For too long, Trump has gotten away with pretending that his emotional issues are just part of some offbeat New York charm or an expression of his enthusiasm for public performance. But Trump is obviously unfit—and something is profoundly wrong with a political environment in which he can now say almost anything, no matter how weird, and his comments will get a couple of days of coverage and then a shrug, as if to say: Another day, another Trump rant about sharks.

Sure, it seems funny—Haha! Uncle Don is telling that crazy shark story again!—until we remember that this man wants to return to a position where he would hold America’s secrets, be responsible for the execution of our laws, and preside as the commander in chief of the most powerful military in the world. A moment that seems like oddball humor should, in fact, terrify any American voter, because this behavior in anyone else would be an instant disqualification for any political office, let alone the presidency.

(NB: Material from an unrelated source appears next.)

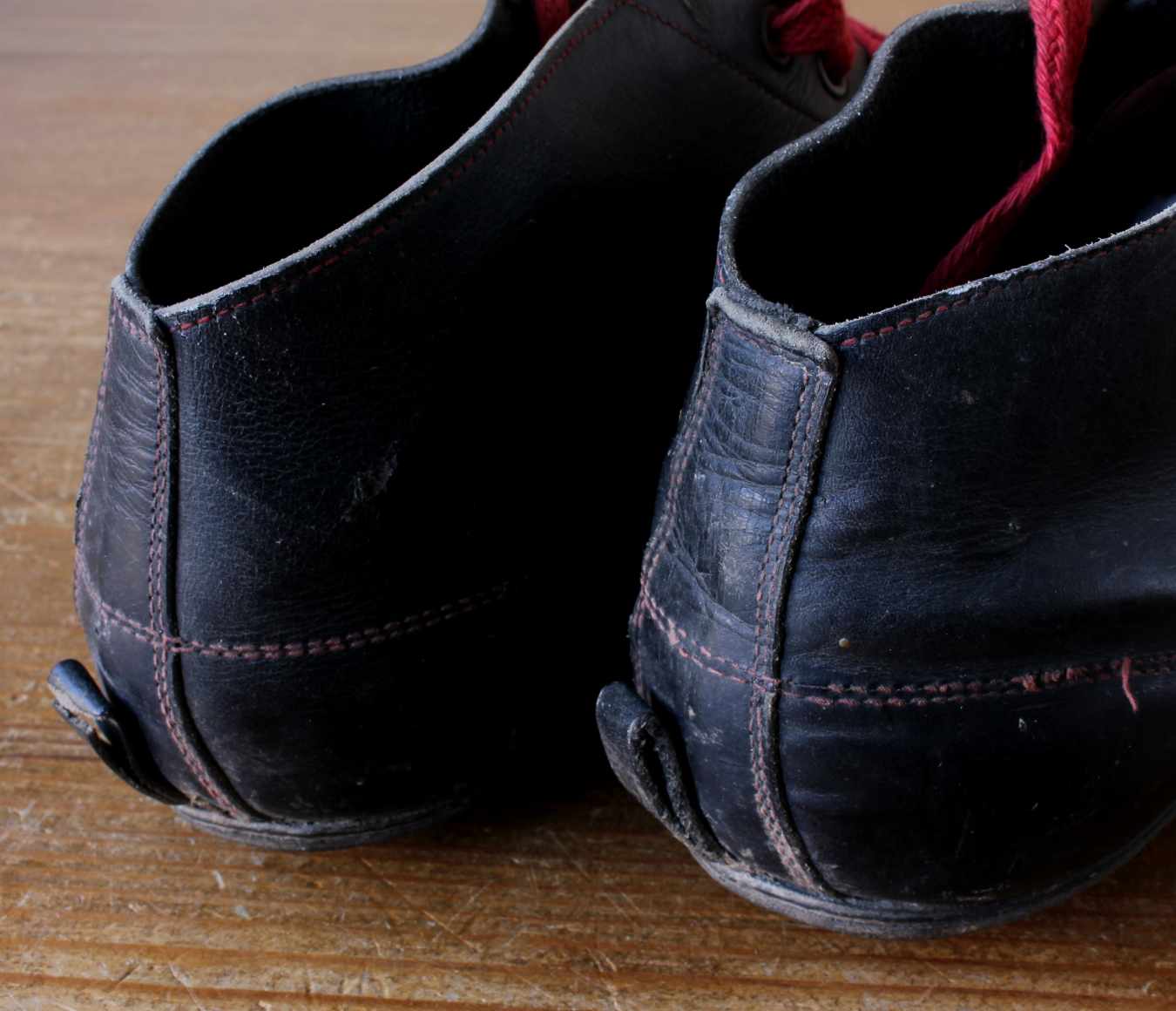 These original vintage boots feature the Hungaria logo enbossed to the side, red stitching, red laces and have lots of wonderful wear.

Worse, the people who once managed Trump’s cognitive and emotional issues are gone, never to return. A second Trump White House will be staffed with the bottom of the barrel—the opportunists and hangers-on willing to work for a reprehensible man. His Oval Office will be empty of responsible and experienced public servants if the day comes when someone has to explain to him why war might be about to erupt on the Korean peninsula or why the Russian or Chinese nuclear forces have gone on alert, and he starts talking about frying sharks with boat batteries.

The 45th president is deeply unwell. It is long past time for Americans, including those in public life, to recognize his inability to serve as the 47th.

I mean, who said it better, the convicted-felon XPOTUS, or Gabby Johnson?